地元に愛されながら厳しい状況を生き抜いてきた独立系レコードショップが「ロックする」ために採った戦略


幅広い音楽の知識を持つ店主がいて、こだわりの強い音楽ファンが集うレコードショップがかつてはどの街にも1軒ぐらいはあったものですが、大手資本によるチェーン店の台頭、そして音楽がダウンロード販売されるようになって昔ながらのレコードショップは次々と姿を消しています。かつての隆盛の時代を経て低迷し、再び再建に向けた取り組みを進めているレコードショップの取り組みが語られています。

What It Takes for an Independent Record Store to Survive Now | Pitchfork
http://pitchfork.com/features/article/9927-what-it-takes-for-an-independent-record-store-to-survive-now/

2016年4月16日(土)、アメリカ・オハイオ州の州都コロンバスにあるレコードショップ「Used Kids」では、早朝から開店に向けての準備が忙しく進められていました。この日は、「レコードショップに出向き、レコードを手にする面白さや音楽の楽しさを共有する祭典」として世界中のレコード店で実施されるイベント「レコード・ストア・デイ (Record Store Day)」で、イベントに参加しているUsed Kidsでも多くの客を迎えるための準備が行われていました。

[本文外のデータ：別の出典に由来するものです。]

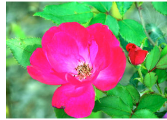
‘Knockout’, a popular modern shrub rose.

Centifolias: Centifolias are the ‘Cabbage Roses’. They are thorny, open bushes to 4 to 5 feet high. The very large, double and fragrant blossoms are borne so freely that they cause the plant’s branches to nod under their weight. Colors range from white to deep rose-red, sometimes striped and
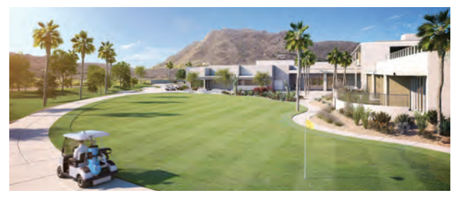
*RENDERING FOR ILLUSTRATION PURPOSES
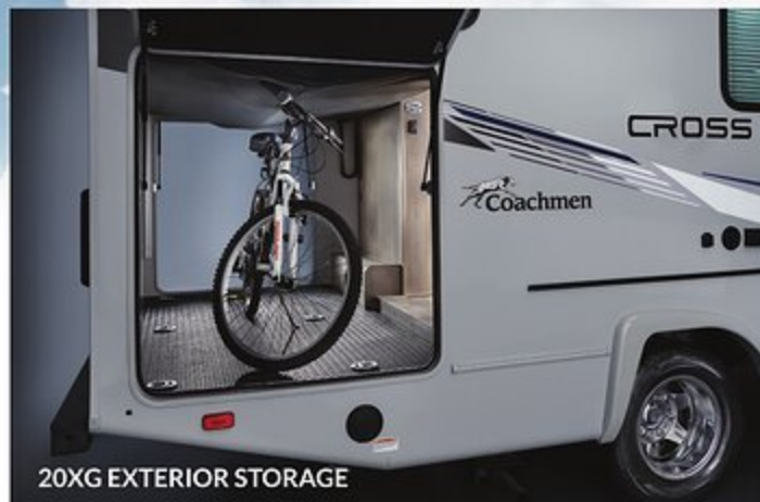
20XG EXTERIOR STORAGE

「Used Kids」は30年の歴史を持つ店で、現在のオーナーは54歳のグレッグ・ホール氏。イベント当日は8時に開店し、来店客には無料のドーナツやコーヒー、ピザや冷たいビールなどが振る舞われ、店内のステージではインディーズのロックバンドやラッパーによるパフォーマンスが行われてよい雰囲気に包まれました。午後になっても店内は人と音楽でいっぱいで、レコードショップが活気に満ちあふれていた1990年代をほうふつとさせる空気が漂っていたとのこと。他のレコードショップの多分に漏れず、Used Kidsも90年代はCDによる好景気の恩恵を受けており、1996年と1997年には年間の収益が100万ドル(1億円レベル)に達した時期もあったそうです。


しかし2000年代に入り、他のショップと同様にUsed Kidsも厳しい時代を迎えます。2001年に店が全焼する火事を出したこともありました。火事の後に店を再オープンすることはできましたが、やはり売上は伸び悩み、従来からのスタッフが去ったり、解雇せざるを得ない状況にもなりました。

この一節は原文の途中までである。